# [Instructions to follow]
The entries are to be given back verbatim; no picture is to be copied.

★ ★ ★ ★

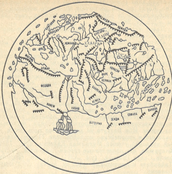
Арабская круглая карта мира (по ал-Идриси, XII в.)

му приплыл в Китай. Через сорок дней, в начале 1347 г., он прибыл в индийский порт Каулем на восточном берегу Аравийского моря, а в конце января переселся в Каликут и намеревался отсюда отправиться в столицу ко двору Мухаммада Туглака, но вскоре переменял намерение. Сев на корабль, Ибн Баттута через 28 дней, в апреле 1347 г., прибыл в Зафар. Из Зафара путешественник отправился в Хормуз. Нигде не останавливаясь, он снова пересек Персию, посетив города Майман, Шираз, Йезд, Исфахан, Шустар и Хувайз. Из Хувайза он направился в Басру и Неджеф, отсюда в Багдад и, наконец, «ровно через двадцать лет снова оказался в Дамаске». Здесь Ибн Баттута пробыл примерно до апреля 1348 г., затем покинул город и через Хаму и Хомс доехал до Алеппо, где был в июне 1348 г. Узнав о том, что в г. Газе, куда он держал путь, свирепствует холера и «ежедневно умирают тысячи людей», Ибн
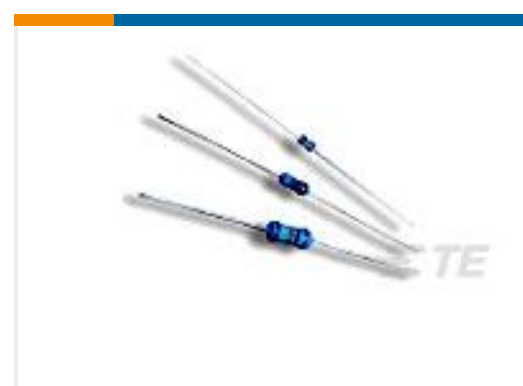
TE 产品编号1676914-6 YR1 0.1% 36K5
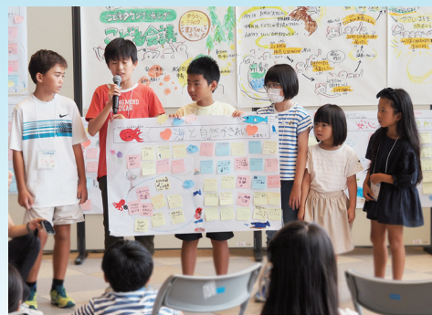
明石の未来を話し合う小・中学生 (8/18「こども会議」)

申し込み 10月30日(月)までに、①～③のいずれかの 方法で、市民とつながる課(下記)へ
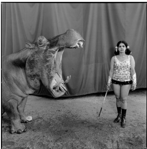
MARY ELLEN MARK Hipopótamo e intérprete, Great Rayman Circus. Madrás, India, 1989 © Mary Ellen Mark
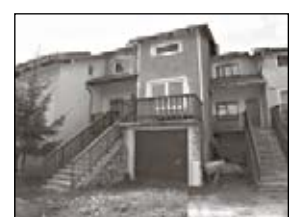
330.000-Kowary Środkowy szereg po remoncie kapitalnym wewnątrz, pow. 212m 2 z garażem
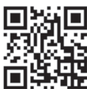
Merkblätter zur Wiesenanlage und -pflege
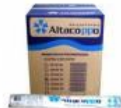
Norma da ABNT cód 1021
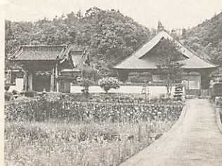
緑に囲まれた玄答院

市文化財審議会(白杵華臣会長)が、6月10日開かれ、玄答院(仁保下郷)の「木造二天立像(二軀)」を市指定有形文化財として指定するよう答申し、このほど正式に指定されました。 木造二天立像は、阿形(あぎょう) 高さ一六九センチ、咩形(うんぎょう) 高さ一七三・三センチ、ほぼ等身大です。 いずれもヒノキの一木造り、彫眼・頭・体の主要部分は、堅くなった一材から彫られています。 手、足は、阿形の右腕が肩と手首で継いであり、この右腕は、後で補修したものです。左腕は、一材から彫られ、肩で継がれています。 藤原時代(一一〇〇年前
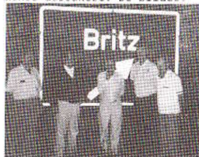
Et utvalgt knippe...

Kl 17.00 søndag var alt klart for avgang, og vi grudde litt for den anstrengende kjøreturen. Imidlertid gikk det strykende, og vi fikk nesten ikke sukk for oss før vi mandag morgen var klar til å innta en solid hotellfrokost i Flensburg. Da hadde vi til og med tatt oss tid til å stoppe ved avkjøringen til BRITZ som ligger i Øst-Tyskland ca 5 mil fra den polske grensen. Her benyttet vi sjansen til å forevige et knippe av våre mest prominente deltakere. Se bildet!
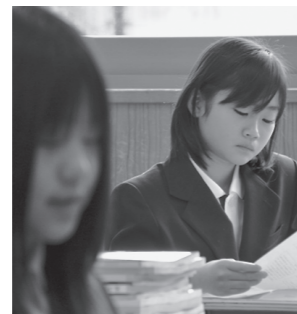
中学新1年生が環境の変化に戸惑う「中一ギャップ」。小中連携・一貫教育は中学校へスムーズに進学できることも目的にしています

町では今年度、子どもたちの豊かな心とたくましく生きる力、学力の向上を図るため、学識経験者等による「小中連携・一貫教育のあり方検討会議」を立ち上げ、その取組について審議します。本町では、ほとんどの児童が維新館中学校に進学することから、義務教育9年間を見通した「小中連携・一貫教育」を進めていきます。小・中学校の教諭が合同授業や学校の交流などを行っています。各学校の学力についての課題を共通のものとして認識し、総合的に対策を講ずること、子どもたちの学習意欲と学力の向上を図っています。検討会議では、この小中連携・一貫教育を軸として、まちぐるみの取組について審議してまいります。
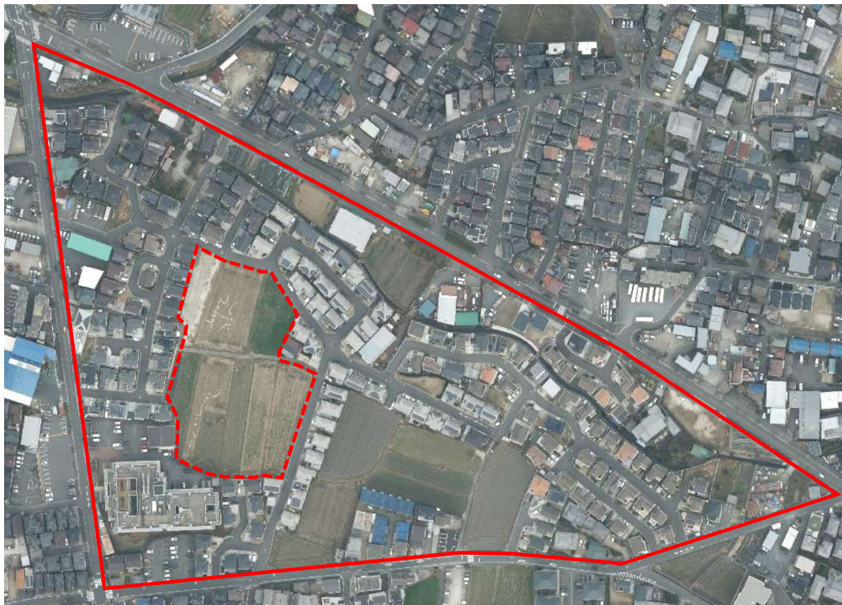
R6 ※点線範囲内は計画区域外
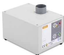
8739 - Abluftventilator SST AL mit Adapter SST-P F90 für Sicherheitsschrank
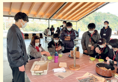
令和4年度の活動の様子

〒981-0412 東松島市宮戸字ニツ橋1 ☎0225(90)4323 FAX 0225(88)2901 午前9時～午後5時 休館日/月曜
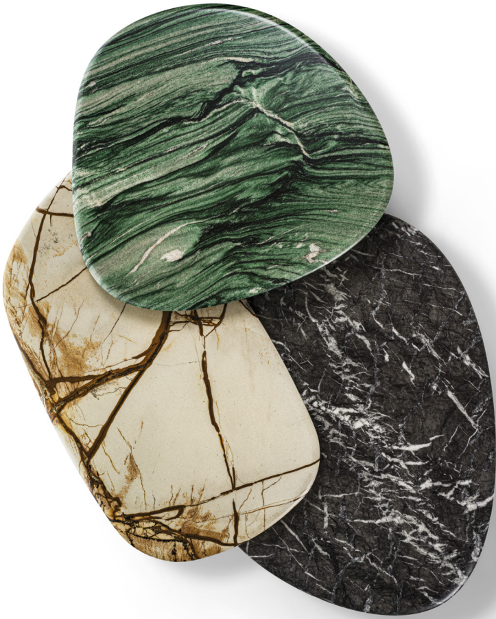
CALLISTO MIX H. 35 - L. 156 - P. 107 H. 13 3/4" - W. 61 3/8" - D. 42 1/8"
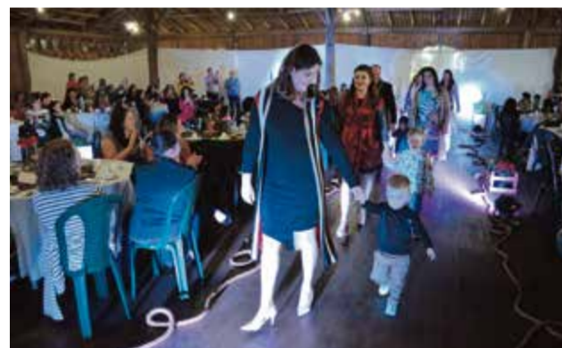
Ao fim do evento, todos entraram na passarela para fazer a última apresentação
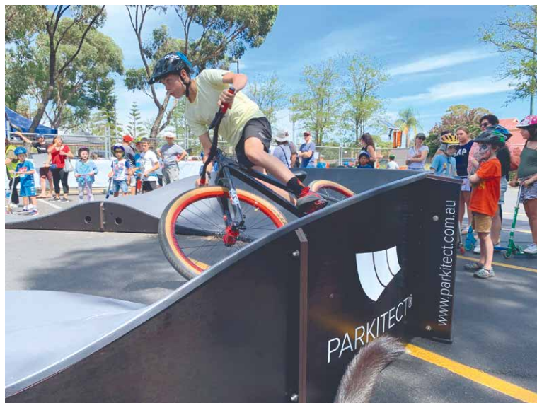
■ Pumptrack – návrh počítá se zakoupením a umístěním modulárního pumptracku na území Znojma. Uměle vytvořený uzavřený okruh dává cyklistům všech kategorií možnost rozvinout svoji jízdní zručnost.

Na vyhotovení projektů ve městě jsou vyčleněny 2 miliony korun, stejně jako na projekty v městských částech. „Děkuji všem navrhovatelům, kteří se do letošního ročníku zapojili. Poděkování patří také všem respondentům, kteří svým hlasováním vyjádřili svůj názor. Ukázali, že jim jejich okolí není lhostejné a záleží jim na dalším rozvoji města Znojma. Letos se do hlasování zapojilo o 2 093 respondentů více než v loňském roce. Jsem moc rád, že
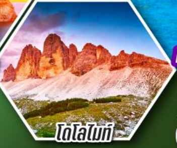
โตโลโมเท

โปรแกรมเที่ยว เก็บครบรอบ อิตาลี ตั้งแต่เหนือถึงใต้
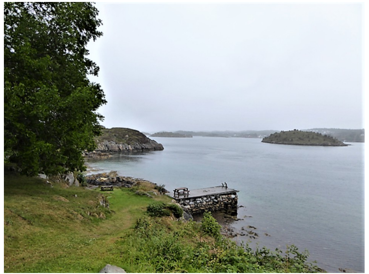
Utsikt fra kirken.
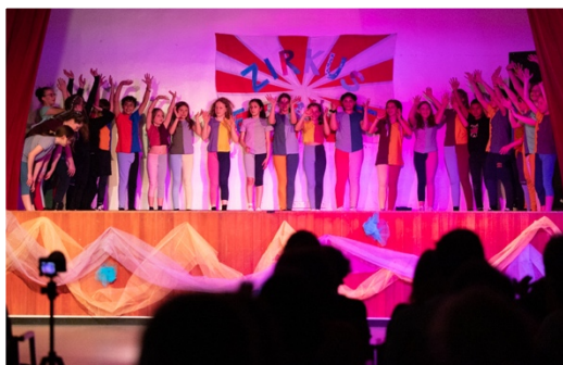
Zirkusprojekt der 2. Kreativklasse

Die kreativen Schöpfungen können bei der Adventfeier, beim KulturCafé oder auch beim Schulfest im Juni bewundert werden. Online Dokumentation unter https://www.grg17geblergasse.at/schulblog/
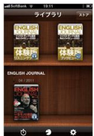
購入したコンテンツは「ライブラリ」で確認できます

『ENGLISH JOURNAL』2010 年 7 月号掲載で話題を呼んだ、 NHK「ハーバード白熱教室」で知られるマイケル・サンデル教授 へのインタビュー(音声付)が収録されています。 「ブックビューア」「リスニングツール」など「ENGLISH JOURNAL for iPhone」のさまざまな機能が体験できます。
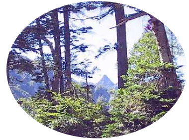
槍沢ロッジからの槍ヶ岳
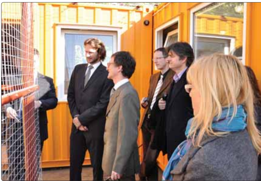
Відвідування представниками міжнародних організацій

Існують спроби й законного переміщення через кордон громадян Грузії на напрямку Поті (Грузія) – Іллічівськ (Іллічівська паромна переправа), але з подальшою організацією їх незаконного виїзду до країн Західної Європи, у тому числі через територію Молдови. Хоча деяка кількість громадян Грузії також намагаються незаконно працевлаштуватися на території України.
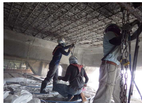
コンクリート撤去 ↓
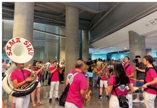
► La 1ª Fiesta de la Logística de Bilbao tuvo numerosos alicientes como la fanfarre santutxutarra Sama Siku que amenizó el inicio de la Fiesta.

Lo que aportan estos eventos se concreta en cada una de las Fiestas de la Logísticas que organiza Diario del Puerto. En la de Bilbao... lo mismo... pero más.
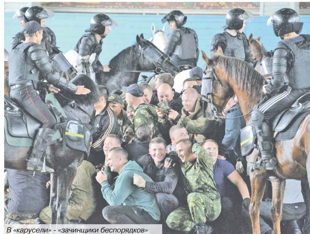
В «карусели» - «зачинщики беспорядков»
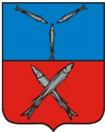
Герб г. Царицын

У городов и областей так же есть свои гербы:
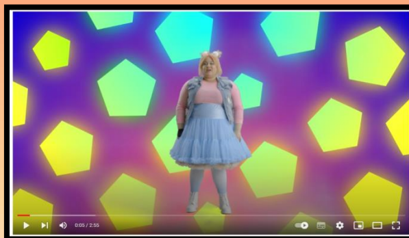
Pause active wixx
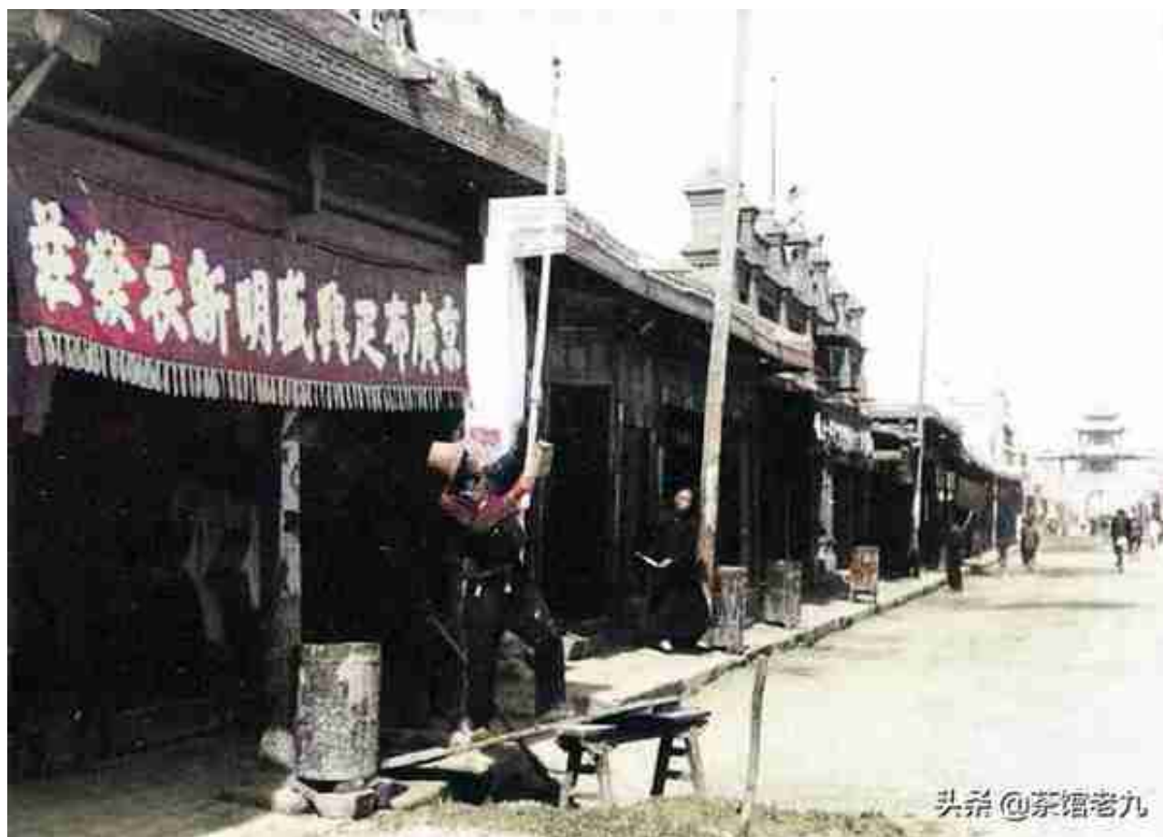
图为省城鼓楼的东西大街。
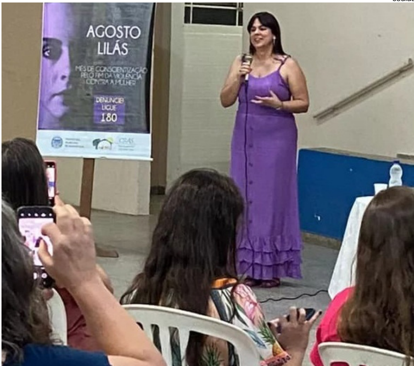
Participantes do encontro realizado em Mariápolis
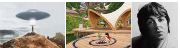
● CAFE Y GALERIA 風華 / 刈谷市今岡町東畑 45-1 ● 10:00~17:00 ● 金・土休 ● 0566-36-7928
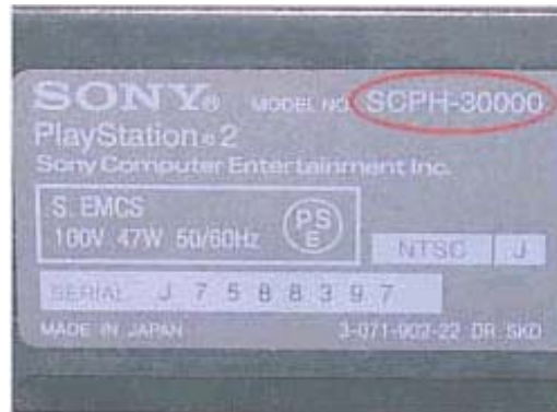
Imagen de Ejemplo.

Esta versión de chip PnP es compatible con toda la serie SCPH-3000x. Es decir solo placas V4
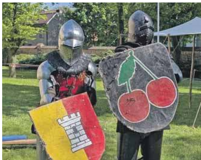
Po pokazie walki rycerskiej

Na uczestników, przede wszystkim dla dzieci, czekało sporo atrakcji – w progra-
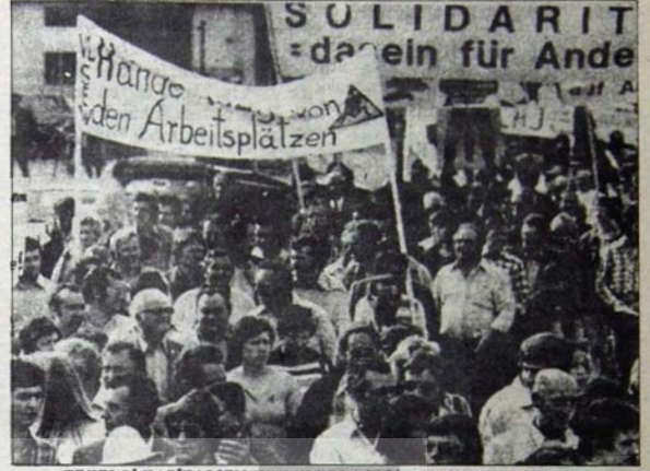
TEKELCİ KAPİTALİZM KİTLELERİ AÇLIĞA MAHKUM EDİYOR

Kapitalist ülkeler yöneticileri yanyana geldiklerinde iyiniyet açıklamalarını esirgememekte, ancak uygulamaya sıra geldiğinde kendi aralarındaki çelişkilerin savunucu etkisiyle dağılmaktadırlar. Gelişmiş kapitalist ülkelerin yöneticileri ikinci dünya savaşından sonraki bütün
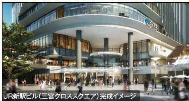
JR新駅ビル(三宮クロススクエア)完成イメージ

さんのみやえき まわり 三宮駅の周りに、電車やバスに乗るところを新しくします。まちの人も、遊び
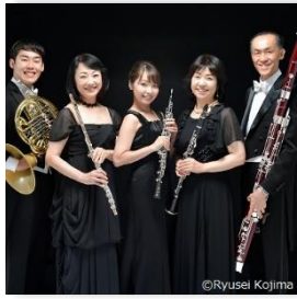
アミューズ・クインテット (木管五重奏)
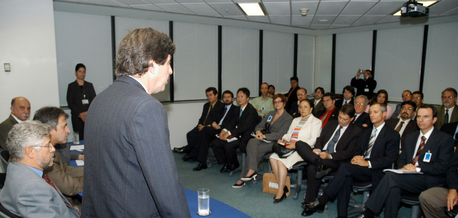
Solenidade de instalação do GT do novo Estatuto da Funcef - 2006
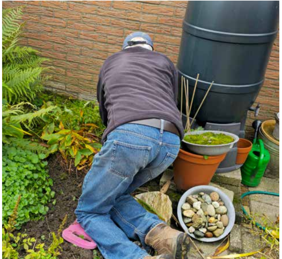
Een van de vrijwilligers in actie tijdens tuindagen

De woensdag daaropvolgend vulden wij de dag met een tweede ronde van tuinwerkzaamheden. Van 10.00 tot 13.00 uur gingen we met vier vrijwilligers en één beroepskracht aan de slag in vier tuinen. Wederom twee nieuwe gezichten die zich tijdens speciale tuindagen graag inzetten. De inzet van de vrijwilligers was opnieuw indrukwekkend en de tuinen kregen de
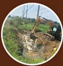
ขุดลอกคลอง

★ ★ ★ ★

# [Response for this exercise]
Арабская круглая карта мира (по ал-Идриси, XII в.)

му приплыл в Китай. Через сорок дней, в начале 1347 г., он прибыл в индийский порт Каулем на восточном берегу Аравийского моря, а в конце января переселся в Каликут и намеревался отсюда отправиться в столицу ко двору Мухаммада Туглака, но вскоре переменял намерение. Сев на корабль, Ибн Баттута через 28 дней, в апреле 1347 г., прибыл в Зафар. Из Зафара путешественник отправился в Хормуз. Нигде не останавливаясь, он снова пересек Персию, посетив города Майман, Шираз, Йезд, Исфахан, Шустар и Хувайз. Из Хувайза он направился в Басру и Неджеф, отсюда в Багдад и, наконец, «ровно через двадцать лет снова оказался в Дамаске». Здесь Ибн Баттута пробыл примерно до апреля 1348 г., затем покинул город и через Хаму и Хомс доехал до Алеппо, где был в июне 1348 г. Узнав о том, что в г. Газе, куда он держал путь, свирепствует холера и «ежедневно умирают тысячи людей», Ибн
TE 产品编号1676914-6 YR1 0.1% 36K5
明石の未来を話し合う小・中学生 (8/18「こども会議」)

申し込み 10月30日(月)までに、①～③のいずれかの 方法で、市民とつながる課(下記)へ
MARY ELLEN MARK Hipopótamo e intérprete, Great Rayman Circus. Madrás, India, 1989 © Mary Ellen Mark
330.000-Kowary Środkowy szereg po remoncie kapitalnym wewnątrz, pow. 212m 2 z garażem
Merkblätter zur Wiesenanlage und -pflege
Norma da ABNT cód 1021
緑に囲まれた玄答院

市文化財審議会(白杵華臣会長)が、6月10日開かれ、玄答院(仁保下郷)の「木造二天立像(二軀)」を市指定有形文化財として指定するよう答申し、このほど正式に指定されました。 木造二天立像は、阿形(あぎょう) 高さ一六九センチ、咩形(うんぎょう) 高さ一七三・三センチ、ほぼ等身大です。 いずれもヒノキの一木造り、彫眼・頭・体の主要部分は、堅くなった一材から彫られています。 手、足は、阿形の右腕が肩と手首で継いであり、この右腕は、後で補修したものです。左腕は、一材から彫られ、肩で継がれています。 藤原時代(一一〇〇年前
Et utvalgt knippe...

Kl 17.00 søndag var alt klart for avgang, og vi grudde litt for den anstrengende kjøreturen. Imidlertid gikk det strykende, og vi fikk nesten ikke sukk for oss før vi mandag morgen var klar til å innta en solid hotellfrokost i Flensburg. Da hadde vi til og med tatt oss tid til å stoppe ved avkjøringen til BRITZ som ligger i Øst-Tyskland ca 5 mil fra den polske grensen. Her benyttet vi sjansen til å forevige et knippe av våre mest prominente deltakere. Se bildet!
中学新1年生が環境の変化に戸惑う「中一ギャップ」。小中連携・一貫教育は中学校へスムーズに進学できることも目的にしています

町では今年度、子どもたちの豊かな心とたくましく生きる力、学力の向上を図るため、学識経験者等による「小中連携・一貫教育のあり方検討会議」を立ち上げ、その取組について審議します。本町では、ほとんどの児童が維新館中学校に進学することから、義務教育9年間を見通した「小中連携・一貫教育」を進めていきます。小・中学校の教諭が合同授業や学校の交流などを行っています。各学校の学力についての課題を共通のものとして認識し、総合的に対策を講ずること、子どもたちの学習意欲と学力の向上を図っています。検討会議では、この小中連携・一貫教育を軸として、まちぐるみの取組について審議してまいります。
R6 ※点線範囲内は計画区域外
8739 - Abluftventilator SST AL mit Adapter SST-P F90 für Sicherheitsschrank
令和4年度の活動の様子

〒981-0412 東松島市宮戸字ニツ橋1 ☎0225(90)4323 FAX 0225(88)2901 午前9時～午後5時 休館日/月曜
CALLISTO MIX H. 35 - L. 156 - P. 107 H. 13 3/4" - W. 61 3/8" - D. 42 1/8"
Ao fim do evento, todos entraram na passarela para fazer a última apresentação
■ Pumptrack – návrh počítá se zakoupením a umístěním modulárního pumptracku na území Znojma. Uměle vytvořený uzavřený okruh dává cyklistům všech kategorií možnost rozvinout svoji jízdní zručnost.

Na vyhotovení projektů ve městě jsou vyčleněny 2 miliony korun, stejně jako na projekty v městských částech. „Děkuji všem navrhovatelům, kteří se do letošního ročníku zapojili. Poděkování patří také všem respondentům, kteří svým hlasováním vyjádřili svůj názor. Ukázali, že jim jejich okolí není lhostejné a záleží jim na dalším rozvoji města Znojma. Letos se do hlasování zapojilo o 2 093 respondentů více než v loňském roce. Jsem moc rád, že
โตโลโมเท

โปรแกรมเที่ยว เก็บครบรอบ อิตาลี ตั้งแต่เหนือถึงใต้
Utsikt fra kirken.
Zirkusprojekt der 2. Kreativklasse

Die kreativen Schöpfungen können bei der Adventfeier, beim KulturCafé oder auch beim Schulfest im Juni bewundert werden. Online Dokumentation unter https://www.grg17geblergasse.at/schulblog/
購入したコンテンツは「ライブラリ」で確認できます

『ENGLISH JOURNAL』2010 年 7 月号掲載で話題を呼んだ、 NHK「ハーバード白熱教室」で知られるマイケル・サンデル教授 へのインタビュー(音声付)が収録されています。 「ブックビューア」「リスニングツール」など「ENGLISH JOURNAL for iPhone」のさまざまな機能が体験できます。
槍沢ロッジからの槍ヶ岳
Відвідування представниками міжнародних організацій

Існують спроби й законного переміщення через кордон громадян Грузії на напрямку Поті (Грузія) – Іллічівськ (Іллічівська паромна переправа), але з подальшою організацією їх незаконного виїзду до країн Західної Європи, у тому числі через територію Молдови. Хоча деяка кількість громадян Грузії також намагаються незаконно працевлаштуватися на території України.
コンクリート撤去 ↓
► La 1ª Fiesta de la Logística de Bilbao tuvo numerosos alicientes como la fanfarre santutxutarra Sama Siku que amenizó el inicio de la Fiesta.

Lo que aportan estos eventos se concreta en cada una de las Fiestas de la Logísticas que organiza Diario del Puerto. En la de Bilbao... lo mismo... pero más.
В «карусели» - «зачинщики беспорядков»
Герб г. Царицын

У городов и областей так же есть свои гербы:
Pause active wixx
图为省城鼓楼的东西大街。
Participantes do encontro realizado em Mariápolis
● CAFE Y GALERIA 風華 / 刈谷市今岡町東畑 45-1 ● 10:00~17:00 ● 金・土休 ● 0566-36-7928
Imagen de Ejemplo.

Esta versión de chip PnP es compatible con toda la serie SCPH-3000x. Es decir solo placas V4
Po pokazie walki rycerskiej

Na uczestników, przede wszystkim dla dzieci, czekało sporo atrakcji – w progra-
TEKELCİ KAPİTALİZM KİTLELERİ AÇLIĞA MAHKUM EDİYOR

Kapitalist ülkeler yöneticileri yanyana geldiklerinde iyiniyet açıklamalarını esirgememekte, ancak uygulamaya sıra geldiğinde kendi aralarındaki çelişkilerin savunucu etkisiyle dağılmaktadırlar. Gelişmiş kapitalist ülkelerin yöneticileri ikinci dünya savaşından sonraki bütün
JR新駅ビル(三宮クロススクエア)完成イメージ

さんのみやえき まわり 三宮駅の周りに、電車やバスに乗るところを新しくします。まちの人も、遊び
アミューズ・クインテット (木管五重奏)
Solenidade de instalação do GT do novo Estatuto da Funcef - 2006
Een van de vrijwilligers in actie tijdens tuindagen

De woensdag daaropvolgend vulden wij de dag met een tweede ronde van tuinwerkzaamheden. Van 10.00 tot 13.00 uur gingen we met vier vrijwilligers en één beroepskracht aan de slag in vier tuinen. Wederom twee nieuwe gezichten die zich tijdens speciale tuindagen graag inzetten. De inzet van de vrijwilligers was opnieuw indrukwekkend en de tuinen kregen de
ขุดลอกคลอง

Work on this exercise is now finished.